Background: Mortality prediction models have the potential to improve prognostication, guide goals-of-care discussions, and support interdisciplinary care. The integration of mortality risk into clinical practice remains a subject of ongoing investigation. Several academic hospitals have recently reported promising workflows and initiatives demonstrating how predictive algorithms can support serious illness conversations and palliative care engagement(1-5). However, real-world adoption depends on clinicians’ perceptions, communication practices, and workflow integration. Our primary aim was to understand how hospitalists at a large academic medical center engaged with, interpreted, and trusted a mortality prediction model as part of their clinical decision-making.

Methods: We conducted interviews with 25 hospitalists at our institution to examine how they identify patients who may benefit from goals-of-care discussions and how they incorporate mortality prediction models into clinical decision-making. All interviews were recorded on a HIPAA-compliant platform, and transcripts were organized into an analytic matrix. Common themes were identified using a matrix-based rapid qualitative analysis approach informed by Hamilton and Finley’s rapid qualitative methodology (6), the Rigorous and Accelerated Data Reduction (RADaR) technique (7), and the Framework Method (8). Interview and field-note data were categorized across 15 analytic domains encompassing illness classification, prognostic strategies, communication styles, interdisciplinary roles, and model usability. Frameworks such as REMAP (9) and SPIKES (10) guided the interpretation of communication-related themes.

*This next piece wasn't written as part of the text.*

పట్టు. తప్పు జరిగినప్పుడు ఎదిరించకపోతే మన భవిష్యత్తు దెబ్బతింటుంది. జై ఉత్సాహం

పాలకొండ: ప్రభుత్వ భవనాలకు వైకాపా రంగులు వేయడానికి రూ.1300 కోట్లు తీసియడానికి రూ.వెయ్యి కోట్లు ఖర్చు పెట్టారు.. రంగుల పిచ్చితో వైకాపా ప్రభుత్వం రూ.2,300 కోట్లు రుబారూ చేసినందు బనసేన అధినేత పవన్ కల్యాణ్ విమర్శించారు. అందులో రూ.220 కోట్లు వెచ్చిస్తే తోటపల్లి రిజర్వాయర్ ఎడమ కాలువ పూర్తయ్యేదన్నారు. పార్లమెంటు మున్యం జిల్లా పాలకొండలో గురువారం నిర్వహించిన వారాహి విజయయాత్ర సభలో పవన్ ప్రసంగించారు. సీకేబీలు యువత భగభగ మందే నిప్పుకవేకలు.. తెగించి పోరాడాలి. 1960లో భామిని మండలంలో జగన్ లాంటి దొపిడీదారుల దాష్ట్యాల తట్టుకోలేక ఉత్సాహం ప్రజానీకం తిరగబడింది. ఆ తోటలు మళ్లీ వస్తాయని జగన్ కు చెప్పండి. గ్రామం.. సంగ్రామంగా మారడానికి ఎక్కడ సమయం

Results: Participants consistently relied on clinical severity cues that matched their intuitive reasoning. Mortality risk estimates were perceived as valuable for situational awareness, anticipatory planning, and interdisciplinary coordination. Acceptance of the model depended on concordance with bedside assessment, transparency around contributing factors, and alignment with existing workflow (Figure 1). Participants expressed a desire for greater explainability (“why this score?”), flexible notification timing, and governance strategies such as outcome feedback loops (Figure 2A). Lessons learned highlighted the importance of trust calibration, communication training, interdisciplinary engagement, and aligning risk outputs with actionable treatment pathways (Figure 2B). Communication around prognosis remained emotionally complex, and clinicians emphasized the value of structured approaches based on concepts from REMAP and SPIKES for supporting difficult conversations (Figure 2. C, D).

Conclusions: Efficient, peer-reviewed mortality prediction models can enhance clinical decision-making and communication when integrated into clinicians’ existing mental models, interdisciplinary workflows, and structured conversation frameworks. REMAP and SPIKES are effective frameworks that can be incorporated into a hospitalist’s workflow to support values-based discussions. Successful implementation of a mortality model requires transparency, usability, explainability, and alignment with patient-centered communication practices. Our findings contribute a structured roadmap for the scalable refinement of mortality prediction tools and the clinical workflows required for their effective implementation.

IMAGE 1: Figure 1:Process Flow of Mortality Risk Assessment and Decision-Making. Clinical processes are shown in Green. Workflow processes are shown in Blue. Communication processes are shown in Purple.

IMAGE 2: Figure 2: Cross-Cutting Themes, Lessons Learned and Frameworks.